Четыре Я Константина Симонова — страница 47 из 108

Он-то полагал, что такой стиль уже существует.

— Не поймите мои подробные замечания — и в письменном виде, и сейчас вот — как учительство, — неторопливо продолжал Федин. — Писатель — всегда ученик. На вашем романе я тоже учусь, поэтому так въедливо его читаю. У вас, в натуре вашей, много богатств. Среди них — богатство прозаика, способного писать с большой образной силой.

Мэтр был обезоруживающе строг и великодушен в одно и то же время. Спорить с ним было невозможно и бессмысленно. Надо было просто садиться снова за рукопись и разгибать все те крючки, которые он в изобилии расставил на ее полях. В конце концов, не такая уж это неприятная работа.

«В конце концов», — поймал он себя на слове. Опять фразеологический оборот. И тут же по-мальчишески расплылся в улыбке.

Замечания Твардовского выстраивались в том же направлении. Даже слово «фразеология» присутствовало в рецензии: «с перышком надо пройтись, фразу за фразой... Вот к этому и сводится мое предложение насчет отшлифовки, очистки от всякой словесной перхоти, причем иногда и фразеологической». Не удержался Саша и от всегдашнего своего бунта против всяческой механизации писательского труда, ведущей, по его твердому убеждению, к роботизации. «Она, быть может, хороша на производстве, на каком-нибудь «Калибре», но никак не в таком тонком и сугубо интимном деле, как процесс писательства».

В конце — самое больное, то как раз, над чем и приходится задумываться сейчас: «Я решительно прошу, настаиваю, не доводи до такого, что «да здравствует Сталин» говорит японец, военнопленный, которого увозят в самолете. Не надо этого.

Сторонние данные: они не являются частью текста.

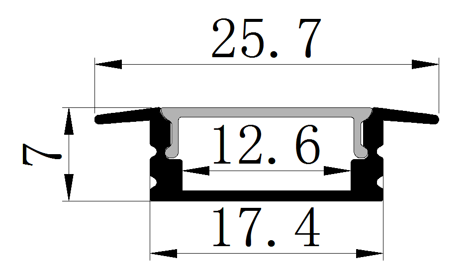 Алюмінієвий профіль вбудований із фланцем шириною 25,7мм для декоративного підсвічування для LED стрічки завширшки не більше 12мм. Розсіює світло на 120град. Йде в комплекті з екраном Opal, 2-мя заглушками і кріпильними ел-ми на 1м. Загальна довжина профілю 3м.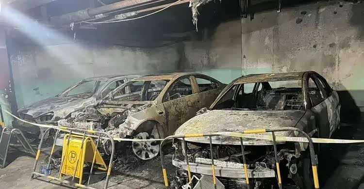 图/某地下车库车辆起火牵连周围多辆汽车

Это — через».

Об этом, только другими словами, более обтекаемо говорил на обсуждении в «Литературке» и критик Тарасенков.

— Пусть он скажет что-нибудь революционное, но не так далеко идущее. Пусть выразит настроение международной солидарности.

Он тогда подумал и убрал это место, вернее, переработал его. И теперь признателен и Твардовскому, и Тарасенкову.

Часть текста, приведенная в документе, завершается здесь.